Updated for Xcode 12.5
SwiftUI’s forms often work best when broken into sections, just like regular lists of content. How you break them up is down to you, but usually it works best when you group things according to their purpose – if it were an order page you might put items in one group, customization in another, and delivery in a third.
Helpfully, form sections are identical to list sections, which means you can re-use the same code in both places. So, you can add a header and/or footer to your sections, or use neither and just get some on-screen spacing between your sections.

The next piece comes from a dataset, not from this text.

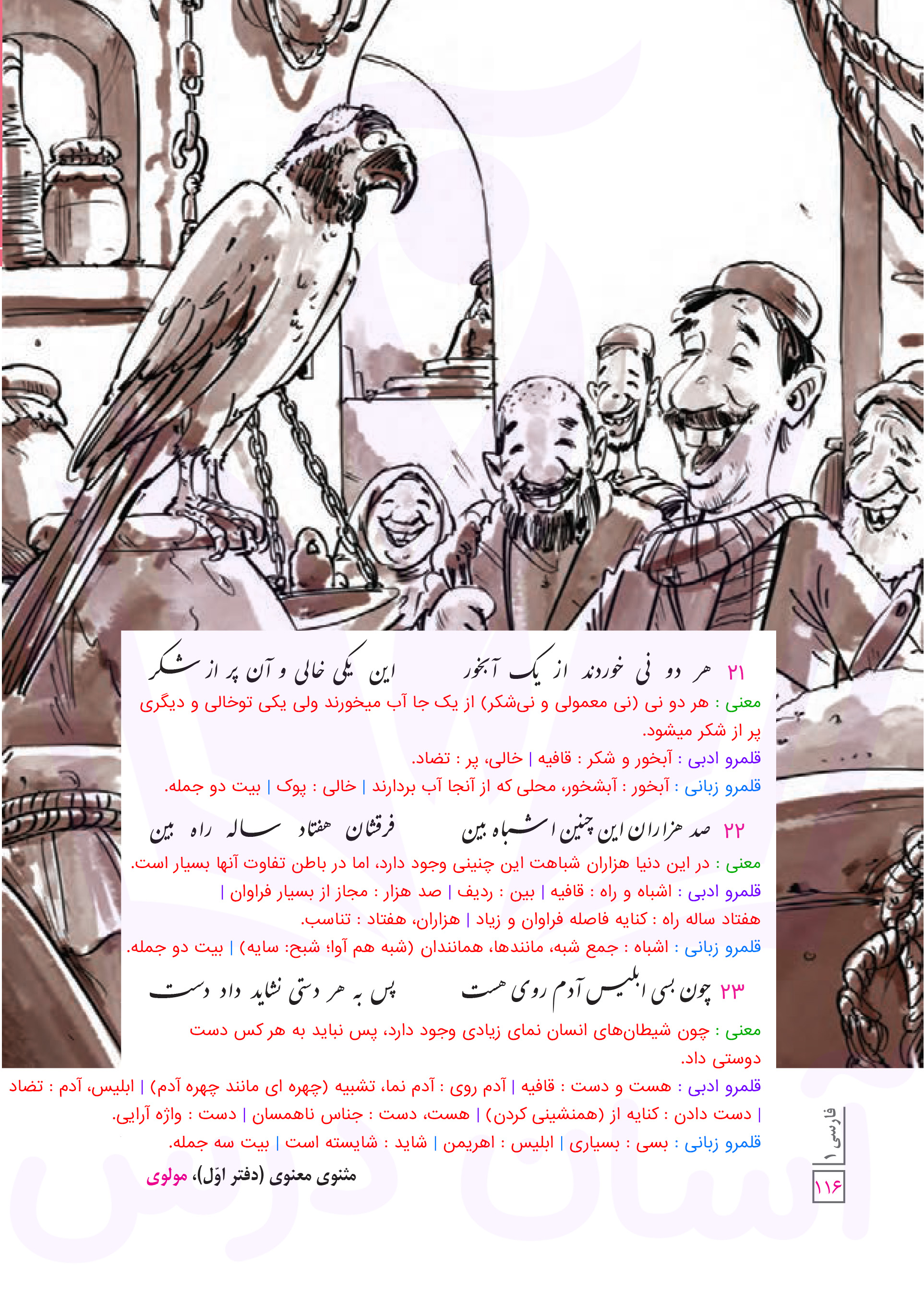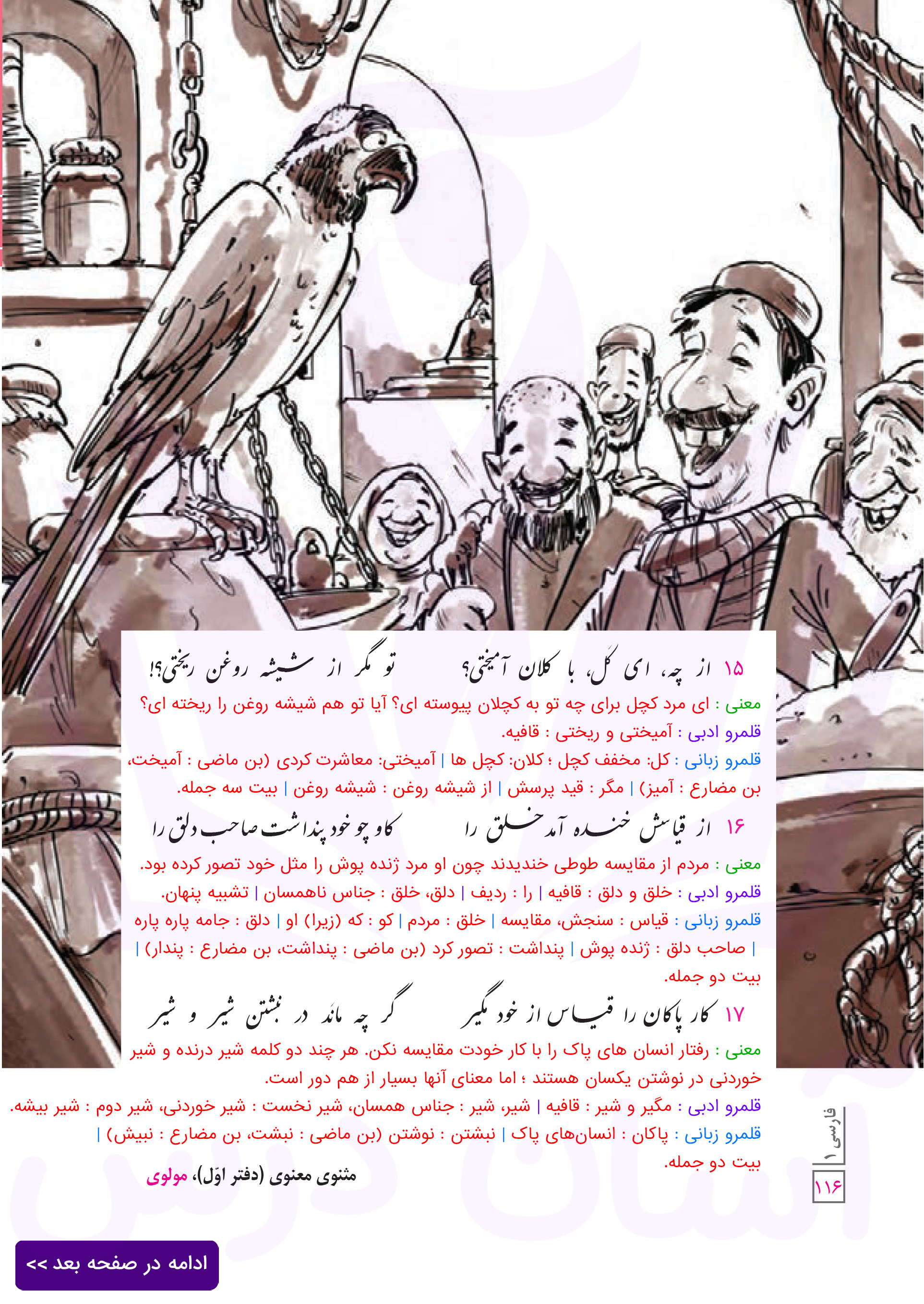 فارسی دهم : ادامه معنی درس چهاردهم (طوطی و بقّال) صفحه ۱۱۶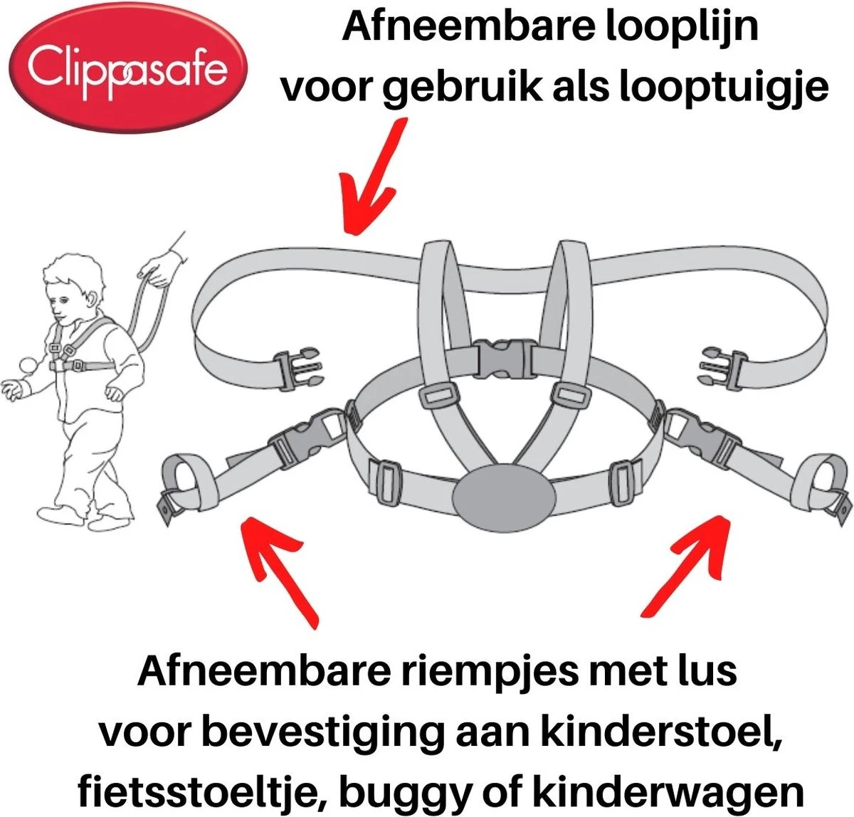 Dit Clippasafe kindertuigje is geschikt als looptuigje èn als kinderstoel tuigje. Je kunt de looplijn afkoppelen en verwisselen voor 2 bevestigingsriempjes. Deze riempjes kun je vastmaken aan een kinderstoel, fietsstoeltje, buggy of wandelwagen.

As an example, this creates a form with two sections – the first with a segmented control and toggle, and the second with a save button:
struct ContentView: View {
@State private var enableLogging = false
@State private var selectedColor = "Red"
@State private var colors = ["Red", "Green", "Blue"]
var body: some View {
Form {
Section(footer: Text("Note: Enabling logging may slow down the app")) {
Picker("Select a color", selection: $selectedColor) {
ForEach(colors, id: \.self) {
Text($0)
}
}
.pickerStyle(SegmentedPickerStyle())
Toggle("Enable Logging", isOn: $enableLogging)
}
Section {
Button("Save changes") {
// activate theme!
}
}
}
}
}
SPONSORED ViRE offers discoverable way of working with regex. It provides really readable regex experience, code complete & cheat sheet, unit tests, powerful replace system, step-by-step search & replace, regex visual scheme, regex history & playground. ViRE is available on Mac & iPad.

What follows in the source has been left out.